Using the Reverse & Compare method.
'''
class Node:
def __init__(self, data):
self.data = data
self.next = None
class LinkedList:
def __init__(self):
self.head = None
def addNode(self, data):
new_node = Node(data)
new_node.next = self.head
self.head = new_node
def isEqual(self, flist, slist):
while(flist != None and slist != None):
if (flist.data != slist.data):
return False
flist = flist.next
slist = slist.next
return True
def checkpalindrome(self):
'''
Here we're creating the second linked list to store the data
of the first linked list in the reverse order.
'''
self.temp = LinkedList()
node = self.head
while(node != None):
temp = self.temp.addNode(node.data)
node = node.next
return self.isEqual(self.head, self.temp.head)
def printNode(self):
temp = self.head
while(temp):
print(temp.data, end='->')
temp = temp.next
print("\n")
if __name__ == "__main__":
# Declare an object of LinkedList class
obj = LinkedList()
obj.addNode(1)
obj.addNode(2)
obj.addNode(3)
obj.addNode(2)
obj.addNode(1)
print("The Linked List is: ")
obj.printNode()
if obj.checkpalindrome():
print("The Linked List is a palindrome")
else:
print("The Linked List is not a palindrome")
Output
Example 1:
The Linked List is:
1->2->3->2->1->
The Linked List is a palindrome
Example 2:
The Linked List is:
1->2->2->1->
The Linked List is a palindrome
Example 3:
The Linked List is:
2->3->2->1->
The Linked List is not a palindrome
Complexity Analysis
Since the total number of nodes is n,
Time Complexity: O(n)
Space Complexity: O(n)
Check if a linked list is a palindrome or not using Stack
Points to be remember
1. A stack is a type of data structure that is used to store different types of objects. For example, numbers, characters, words, etc.

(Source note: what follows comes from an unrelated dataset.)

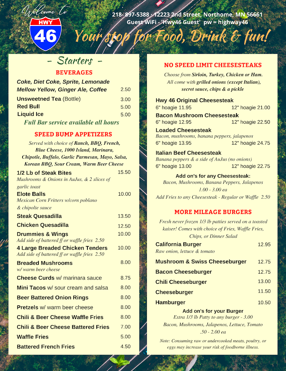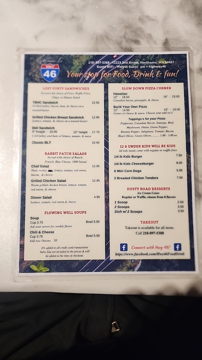 Welcome to Hwy 46 Food & Drink, a shining gem in the heart of Northome, MN. Located at 12079 Main St, this vibrant American restaurant offers a welcoming atmosphere perfect for families, friends, and anyone who appreciates great food and a friendly setting. With a phone number of +1 218-897-5388, it’s easy to call ahead and secure your spot in this local favorite.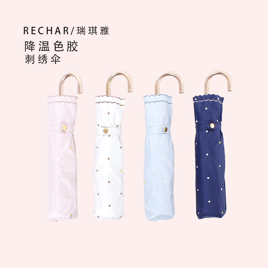 | nameOriginal | Spot SZ208 Golden curved handle bilateral embroidery double color dot cooling color glue sunscreen folding umbrella sunshade |

2. Items are added to the stack using push operation and retrieved by pop operation.
3. Stack follows LIFO order. That means items entered into the stack, at last, are removed at first.
Now come to the main topic. We know if a linked list is a palindrome then the front half of the linked list is the same as the reverse of the second half. Here we will use a stack to solve the problem using this logic.
Let's see the steps given below.
Steps:
- Possibility #1: We know the length of the linked list.
- Iterate through the linked list until the middle node comes and store each node value into a stack.
- If the length of the linked list is odd then jump to the next node from the present node and follow the next steps or if the length is even then simply follow the next steps.
- pop each item from the top of the stack(where we stored the values up to the middle node of the linked list) and compare it with the respective node of the linked list.
- If items are not matched, return False otherwise return True.
- Possibility #2: We don't know the length of the linked list.
- Implement two runners, 'slow' and 'fast', pointed to the head of the linked list. Here 'fast' is 2x faster than the 'slow'.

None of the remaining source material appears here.